Exactly as written, print the lines from the top of the listing through the line containing "Zuerst mussten die"; include no pictures.

SOURCE MATERIAL -
= Beginning of Section =

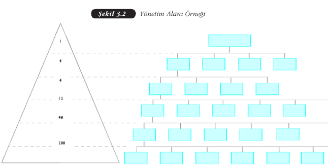 – Yönetim (ya da denetim) alanının sınırlandırılması ilkesi: Şekil 3.2’de çeşitli yönetim düzeylerinde görev yapan yöneticilerin ilişkide bulunmaları gereken ast sayısı örneklenmiştir. Bu sayının alt kademelere inildikçe arttığı görülmektedir. Örnekte en üst yöneticiye 4; ikinci kademe yöneticiye 1; üçüncü kademe yöneticiye 3; dördüncü kademe yöneticiye 4; beşinci kademe yöneticiye 6 ast bağlıdır. En alt düzeyde çalışanların sayısı böylece 288’e ulaşmıştır.
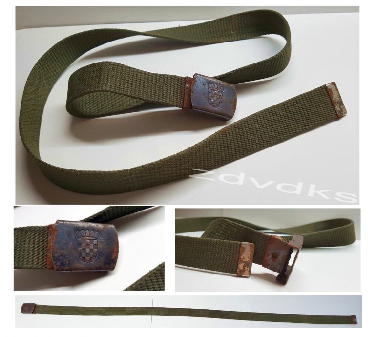 -vojni remen za hlače, Hrvatske vojske, maslinasto zeleni, s Hrvatskim grbom na metalnoj kopči
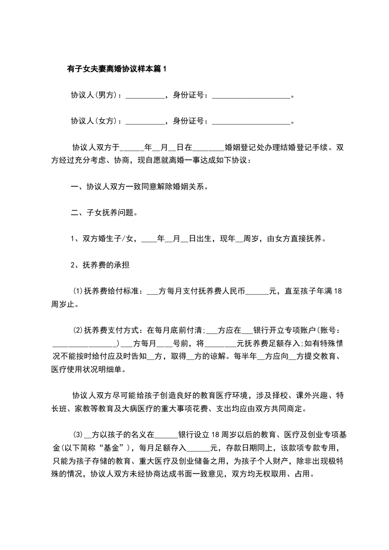 有子女夫妻离婚协议样本篇1
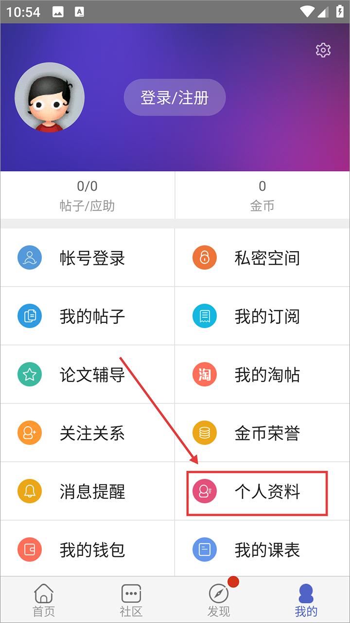 2、如果没有登陆,需要进行登陆,登陆成功后,找到个人资料;
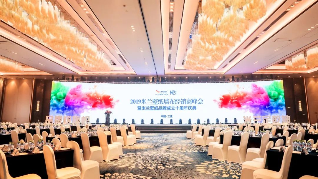 2019年5月,“品牌树旗帜 米兰定乾坤”米兰壁纸·墙布2019全国经销商峰会暨米兰壁纸品牌成立十周年庆典,于三亚理文索菲特度假酒店隆重举行。
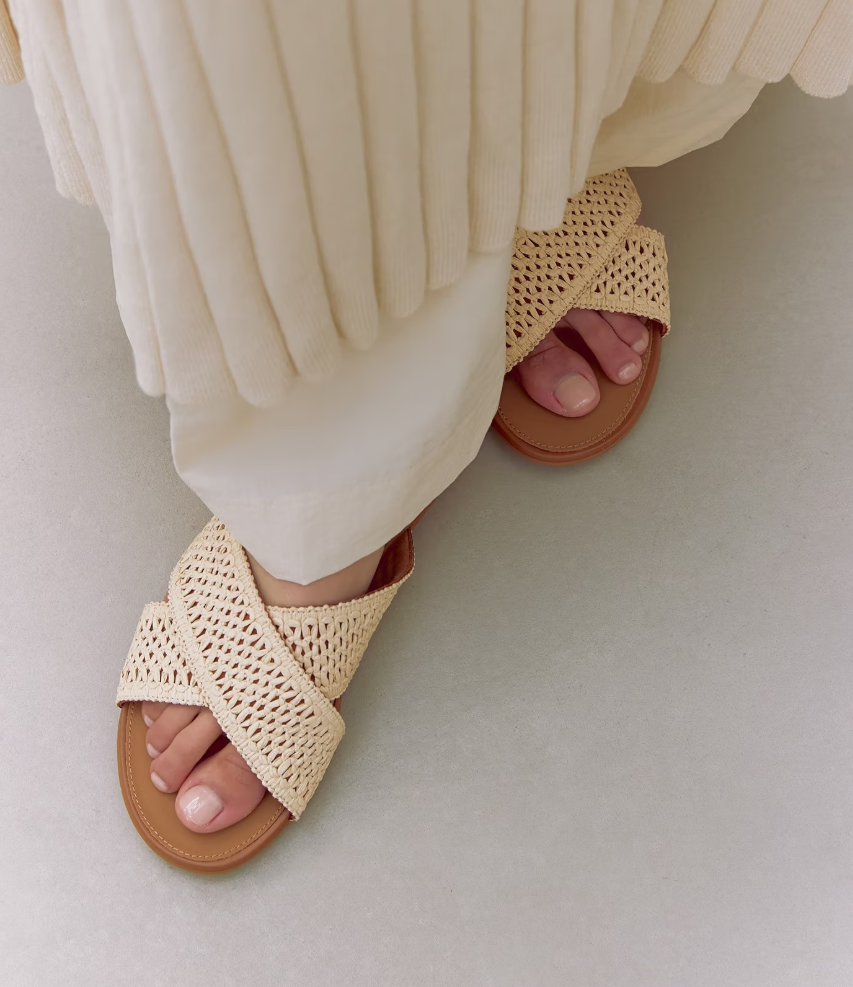 투톤 인조 라피아 소재와 부드러운 소재의 안감 사용으로 여름철 내내 보헤미안 느낌을 내면서 편안하게 신을 수 있는 제품입니다!
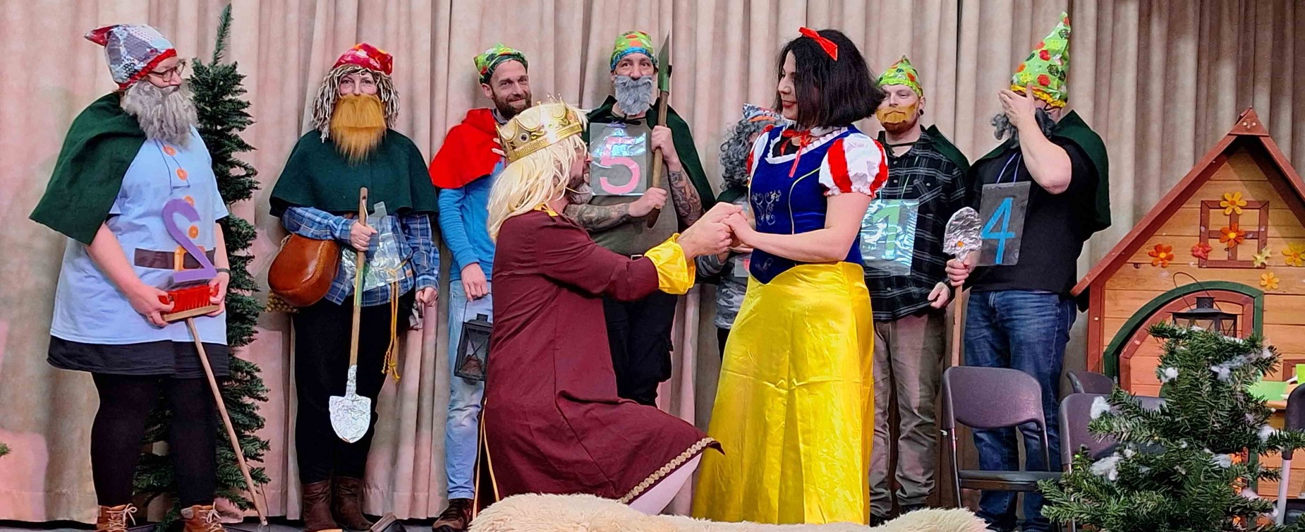 Zuerst mussten die Kinder anhand der Gestaltung der Bühne erraten, welches Märchen aufgeführt wird. Das Bild einer Burg hing auf einem Stoffplakat an der Wand. Zudem war ein großer Spiegel aufgehangen. Eine kleine Waldhütte war aufgebaut. Erkannt haben die Kinder das Märchen schließlich an dem Tisch, auf dem die sieben Becher, sieben Teller, sieben Löffel usw. aufgestellt waren. Das Erkennen war begleitet durch einen großen Freudenschrei.
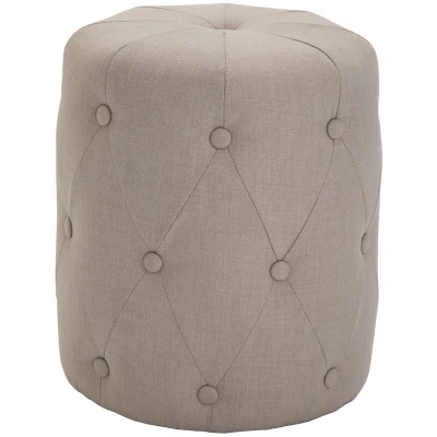 ManoManoGeneral description The Hallowood Furniture Premium Padded Round Foot Stool in Charcoal Grey is a stylish and versatile addition to any living room or bedroom. This linen fabric stool features a contemporary design with a button detail, making it a perfect fit for various interior styles. It can serve as a footstool or an occasional seating option for both adults and children. Technical specifications Height: 46cm Width: 38cm Depth: 38cm Material: High-quality wood and fabric Color: Charcoal Grey Installation Pre-assembled and ready to use upon delivery Usage Can be used as a footstool or additional seating Ideal for smaller gathering spaces
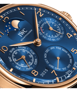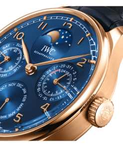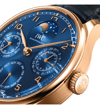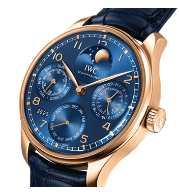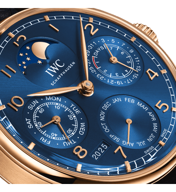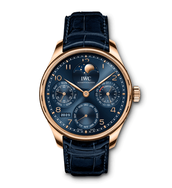 This special edition of the Portugieser Perpetual Calendar captivates with a nautical design in dark blue and gold.

= End of Section =

RESULT FOR THIS TASK -
 – Yönetim (ya da denetim) alanının sınırlandırılması ilkesi: Şekil 3.2’de çeşitli yönetim düzeylerinde görev yapan yöneticilerin ilişkide bulunmaları gereken ast sayısı örneklenmiştir. Bu sayının alt kademelere inildikçe arttığı görülmektedir. Örnekte en üst yöneticiye 4; ikinci kademe yöneticiye 1; üçüncü kademe yöneticiye 3; dördüncü kademe yöneticiye 4; beşinci kademe yöneticiye 6 ast bağlıdır. En alt düzeyde çalışanların sayısı böylece 288’e ulaşmıştır.
 -vojni remen za hlače, Hrvatske vojske, maslinasto zeleni, s Hrvatskim grbom na metalnoj kopči
 有子女夫妻离婚协议样本篇1
 2、如果没有登陆,需要进行登陆,登陆成功后,找到个人资料;
 2019年5月,“品牌树旗帜 米兰定乾坤”米兰壁纸·墙布2019全国经销商峰会暨米兰壁纸品牌成立十周年庆典,于三亚理文索菲特度假酒店隆重举行。
 투톤 인조 라피아 소재와 부드러운 소재의 안감 사용으로 여름철 내내 보헤미안 느낌을 내면서 편안하게 신을 수 있는 제품입니다!
 Zuerst mussten die Kinder anhand der Gestaltung der Bühne erraten, welches Märchen aufgeführt wird. Das Bild einer Burg hing auf einem Stoffplakat an der Wand. Zudem war ein großer Spiegel aufgehangen. Eine kleine Waldhütte war aufgebaut. Erkannt haben die Kinder das Märchen schließlich an dem Tisch, auf dem die sieben Becher, sieben Teller, sieben Löffel usw. aufgestellt waren. Das Erkennen war begleitet durch einen großen Freudenschrei.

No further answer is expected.